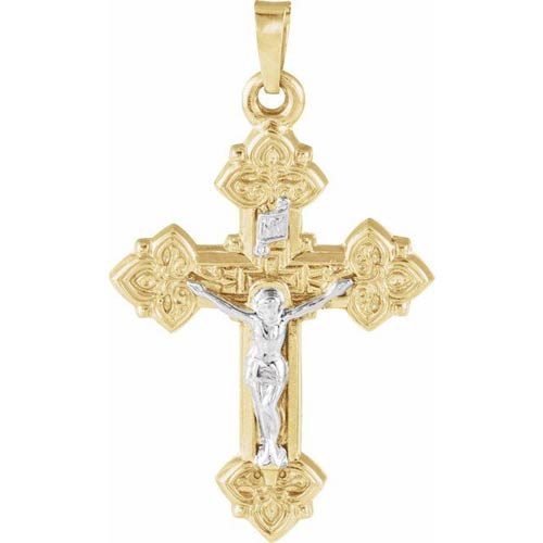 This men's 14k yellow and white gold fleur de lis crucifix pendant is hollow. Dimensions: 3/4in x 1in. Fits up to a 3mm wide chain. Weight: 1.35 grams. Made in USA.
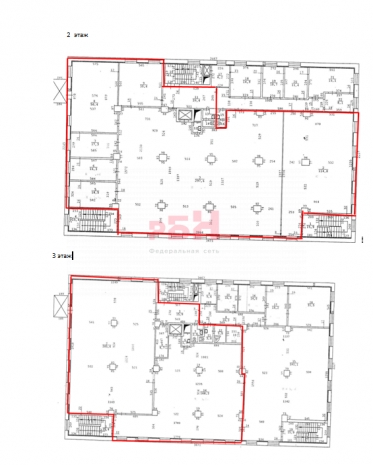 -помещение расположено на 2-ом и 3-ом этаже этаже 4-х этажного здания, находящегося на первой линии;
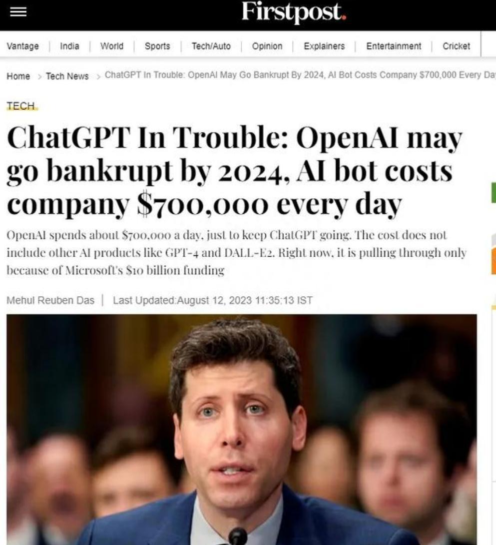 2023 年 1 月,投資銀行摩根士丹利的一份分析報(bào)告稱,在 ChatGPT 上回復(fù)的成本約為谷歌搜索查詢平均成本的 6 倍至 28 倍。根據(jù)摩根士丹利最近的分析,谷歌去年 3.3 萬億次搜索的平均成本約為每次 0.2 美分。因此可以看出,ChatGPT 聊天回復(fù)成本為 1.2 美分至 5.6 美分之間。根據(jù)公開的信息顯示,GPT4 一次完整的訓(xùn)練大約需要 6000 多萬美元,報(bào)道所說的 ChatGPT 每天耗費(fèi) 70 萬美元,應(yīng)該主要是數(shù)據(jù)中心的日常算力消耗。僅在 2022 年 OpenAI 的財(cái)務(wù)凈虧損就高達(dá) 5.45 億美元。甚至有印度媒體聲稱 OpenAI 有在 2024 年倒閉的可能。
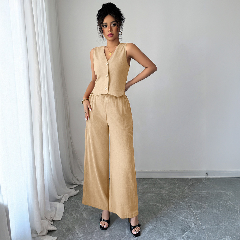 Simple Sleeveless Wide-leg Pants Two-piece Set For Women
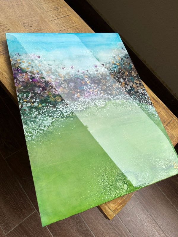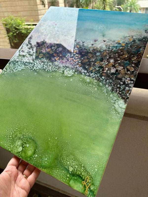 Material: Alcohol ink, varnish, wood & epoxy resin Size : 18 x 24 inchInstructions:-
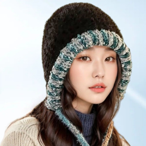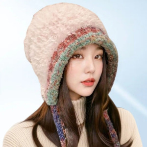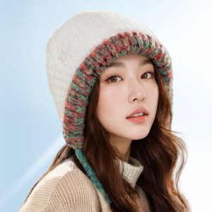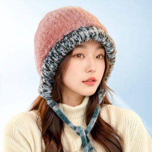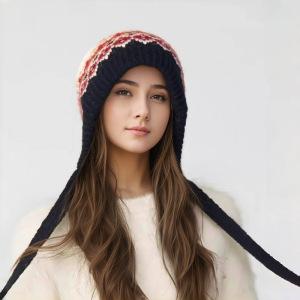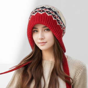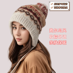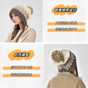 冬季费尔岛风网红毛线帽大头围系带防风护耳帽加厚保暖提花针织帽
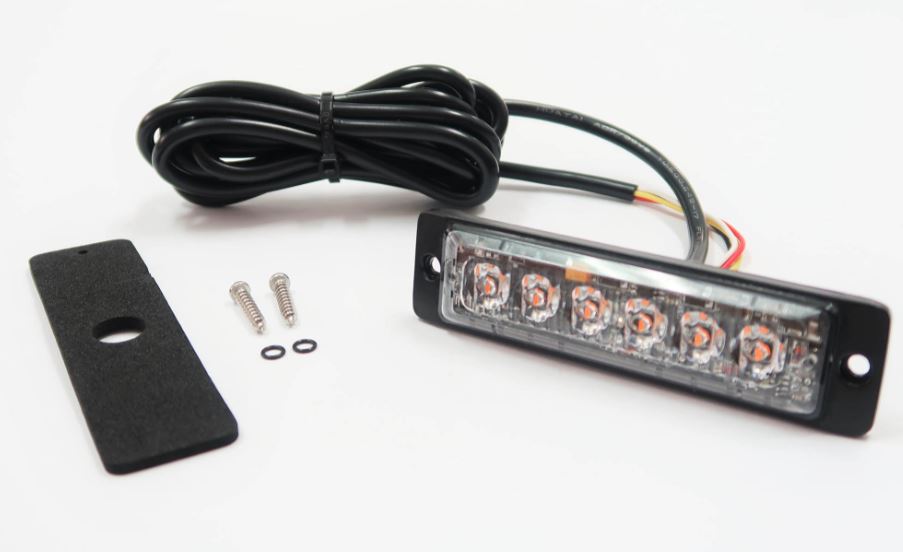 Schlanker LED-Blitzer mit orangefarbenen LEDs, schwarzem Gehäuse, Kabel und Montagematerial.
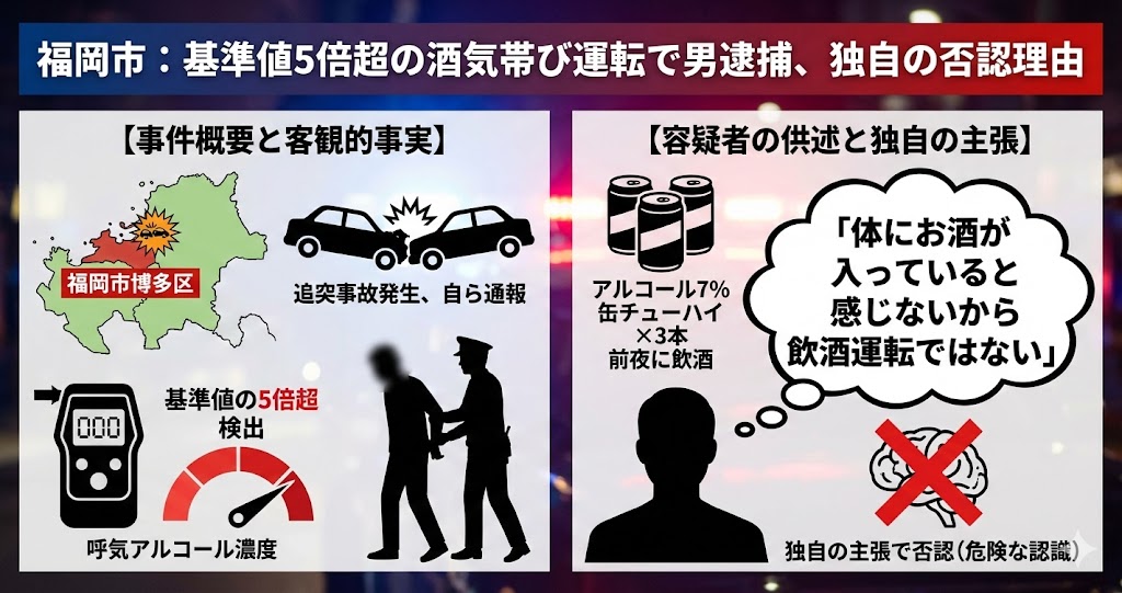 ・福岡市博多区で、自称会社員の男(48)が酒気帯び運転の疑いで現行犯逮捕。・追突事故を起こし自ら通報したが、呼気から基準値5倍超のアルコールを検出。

...

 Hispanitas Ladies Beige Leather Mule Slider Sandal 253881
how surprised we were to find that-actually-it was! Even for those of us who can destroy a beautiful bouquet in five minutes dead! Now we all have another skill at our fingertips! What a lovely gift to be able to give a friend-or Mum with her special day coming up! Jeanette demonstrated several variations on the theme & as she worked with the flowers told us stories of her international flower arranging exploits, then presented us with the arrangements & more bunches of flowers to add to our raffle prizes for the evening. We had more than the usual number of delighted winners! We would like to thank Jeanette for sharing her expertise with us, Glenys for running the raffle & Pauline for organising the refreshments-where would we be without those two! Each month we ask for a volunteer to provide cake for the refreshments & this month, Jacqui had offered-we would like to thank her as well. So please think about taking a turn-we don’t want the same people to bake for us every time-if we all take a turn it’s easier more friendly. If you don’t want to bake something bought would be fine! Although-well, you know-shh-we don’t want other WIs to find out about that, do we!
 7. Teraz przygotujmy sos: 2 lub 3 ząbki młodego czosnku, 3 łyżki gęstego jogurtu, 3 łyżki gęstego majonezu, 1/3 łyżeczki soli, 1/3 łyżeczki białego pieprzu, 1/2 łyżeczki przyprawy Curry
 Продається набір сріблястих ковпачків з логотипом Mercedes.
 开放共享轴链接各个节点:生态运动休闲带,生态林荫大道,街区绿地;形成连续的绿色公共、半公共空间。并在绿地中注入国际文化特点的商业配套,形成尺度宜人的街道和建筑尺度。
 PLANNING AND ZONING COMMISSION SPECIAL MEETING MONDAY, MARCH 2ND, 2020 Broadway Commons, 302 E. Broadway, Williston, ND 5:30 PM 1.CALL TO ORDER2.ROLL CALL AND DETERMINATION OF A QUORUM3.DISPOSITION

--

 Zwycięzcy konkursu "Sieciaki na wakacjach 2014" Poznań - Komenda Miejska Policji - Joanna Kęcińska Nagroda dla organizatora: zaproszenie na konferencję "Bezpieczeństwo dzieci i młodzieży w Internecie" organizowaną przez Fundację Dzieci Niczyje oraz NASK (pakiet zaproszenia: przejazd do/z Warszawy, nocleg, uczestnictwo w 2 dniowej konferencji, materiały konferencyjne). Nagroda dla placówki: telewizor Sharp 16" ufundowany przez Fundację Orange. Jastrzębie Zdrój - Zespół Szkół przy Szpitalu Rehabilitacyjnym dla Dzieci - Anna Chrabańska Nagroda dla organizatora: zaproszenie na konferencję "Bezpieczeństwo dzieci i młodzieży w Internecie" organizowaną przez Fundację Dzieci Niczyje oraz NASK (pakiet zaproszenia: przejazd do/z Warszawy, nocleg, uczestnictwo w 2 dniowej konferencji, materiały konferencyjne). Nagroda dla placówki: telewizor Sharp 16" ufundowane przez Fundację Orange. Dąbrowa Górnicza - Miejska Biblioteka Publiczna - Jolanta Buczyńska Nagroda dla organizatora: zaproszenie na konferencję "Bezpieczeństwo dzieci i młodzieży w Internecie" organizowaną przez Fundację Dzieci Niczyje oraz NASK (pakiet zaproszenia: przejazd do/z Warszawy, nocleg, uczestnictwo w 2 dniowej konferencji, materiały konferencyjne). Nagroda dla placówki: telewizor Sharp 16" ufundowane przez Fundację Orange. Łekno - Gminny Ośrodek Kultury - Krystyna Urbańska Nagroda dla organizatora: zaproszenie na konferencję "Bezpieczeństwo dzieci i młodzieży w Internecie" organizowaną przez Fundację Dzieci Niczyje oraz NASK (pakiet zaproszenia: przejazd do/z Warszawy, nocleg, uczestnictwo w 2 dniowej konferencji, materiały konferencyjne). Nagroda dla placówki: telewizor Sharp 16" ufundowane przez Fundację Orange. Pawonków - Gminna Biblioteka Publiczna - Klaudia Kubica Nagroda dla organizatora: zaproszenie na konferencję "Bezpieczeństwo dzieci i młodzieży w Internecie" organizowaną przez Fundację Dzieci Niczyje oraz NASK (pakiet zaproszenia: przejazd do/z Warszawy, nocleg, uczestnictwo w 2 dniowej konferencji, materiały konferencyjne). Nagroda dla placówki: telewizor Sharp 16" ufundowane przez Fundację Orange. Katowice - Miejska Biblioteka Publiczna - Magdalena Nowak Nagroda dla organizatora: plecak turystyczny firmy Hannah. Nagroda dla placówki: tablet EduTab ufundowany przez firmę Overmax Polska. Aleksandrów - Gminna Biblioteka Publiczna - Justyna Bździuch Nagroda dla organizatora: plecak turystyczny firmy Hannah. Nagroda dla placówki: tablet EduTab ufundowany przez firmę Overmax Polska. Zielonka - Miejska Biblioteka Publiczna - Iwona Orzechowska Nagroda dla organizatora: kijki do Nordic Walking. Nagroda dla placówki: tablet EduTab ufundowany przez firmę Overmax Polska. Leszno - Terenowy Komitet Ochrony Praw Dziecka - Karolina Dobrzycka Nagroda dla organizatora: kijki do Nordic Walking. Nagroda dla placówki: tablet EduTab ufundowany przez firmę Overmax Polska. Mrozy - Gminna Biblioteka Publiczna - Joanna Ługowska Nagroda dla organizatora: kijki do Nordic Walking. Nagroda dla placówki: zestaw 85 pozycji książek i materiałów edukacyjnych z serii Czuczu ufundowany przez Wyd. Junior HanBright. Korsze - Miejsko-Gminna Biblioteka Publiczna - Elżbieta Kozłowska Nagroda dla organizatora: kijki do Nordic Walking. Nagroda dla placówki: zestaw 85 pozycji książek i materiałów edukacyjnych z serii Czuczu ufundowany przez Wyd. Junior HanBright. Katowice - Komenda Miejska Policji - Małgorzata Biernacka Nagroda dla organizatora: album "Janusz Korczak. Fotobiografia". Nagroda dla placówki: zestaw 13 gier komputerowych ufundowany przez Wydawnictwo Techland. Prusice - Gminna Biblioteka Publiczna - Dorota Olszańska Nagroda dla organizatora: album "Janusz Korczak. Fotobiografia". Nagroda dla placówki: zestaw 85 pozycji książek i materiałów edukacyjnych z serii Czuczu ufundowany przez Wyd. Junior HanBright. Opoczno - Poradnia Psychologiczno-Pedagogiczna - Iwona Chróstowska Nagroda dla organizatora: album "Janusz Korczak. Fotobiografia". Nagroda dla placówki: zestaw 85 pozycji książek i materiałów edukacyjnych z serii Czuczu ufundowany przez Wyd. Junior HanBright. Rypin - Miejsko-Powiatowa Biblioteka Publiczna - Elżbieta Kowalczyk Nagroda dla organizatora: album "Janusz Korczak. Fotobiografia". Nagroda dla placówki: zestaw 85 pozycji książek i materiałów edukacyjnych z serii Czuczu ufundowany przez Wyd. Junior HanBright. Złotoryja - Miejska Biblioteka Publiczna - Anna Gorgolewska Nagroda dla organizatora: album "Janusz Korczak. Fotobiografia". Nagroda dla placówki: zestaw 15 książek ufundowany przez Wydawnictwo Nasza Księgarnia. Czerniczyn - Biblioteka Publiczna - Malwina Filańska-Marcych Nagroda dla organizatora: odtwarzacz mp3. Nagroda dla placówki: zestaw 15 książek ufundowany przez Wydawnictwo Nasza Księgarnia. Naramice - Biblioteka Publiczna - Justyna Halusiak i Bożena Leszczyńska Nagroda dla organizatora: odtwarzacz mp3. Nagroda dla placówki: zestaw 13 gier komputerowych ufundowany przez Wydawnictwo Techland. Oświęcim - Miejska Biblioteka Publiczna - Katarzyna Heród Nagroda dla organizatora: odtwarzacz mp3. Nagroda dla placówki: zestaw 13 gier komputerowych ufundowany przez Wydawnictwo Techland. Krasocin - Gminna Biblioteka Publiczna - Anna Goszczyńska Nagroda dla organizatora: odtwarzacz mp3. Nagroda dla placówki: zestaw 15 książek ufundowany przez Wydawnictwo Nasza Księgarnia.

About this task:
Using the entries above, transcribe every line from the line containing "This men's 14k" through the line containing "-помещение расположено на". Do not copy pictures.

Exercise solution:
 This men's 14k yellow and white gold fleur de lis crucifix pendant is hollow. Dimensions: 3/4in x 1in. Fits up to a 3mm wide chain. Weight: 1.35 grams. Made in USA.
 -помещение расположено на 2-ом и 3-ом этаже этаже 4-х этажного здания, находящегося на первой линии;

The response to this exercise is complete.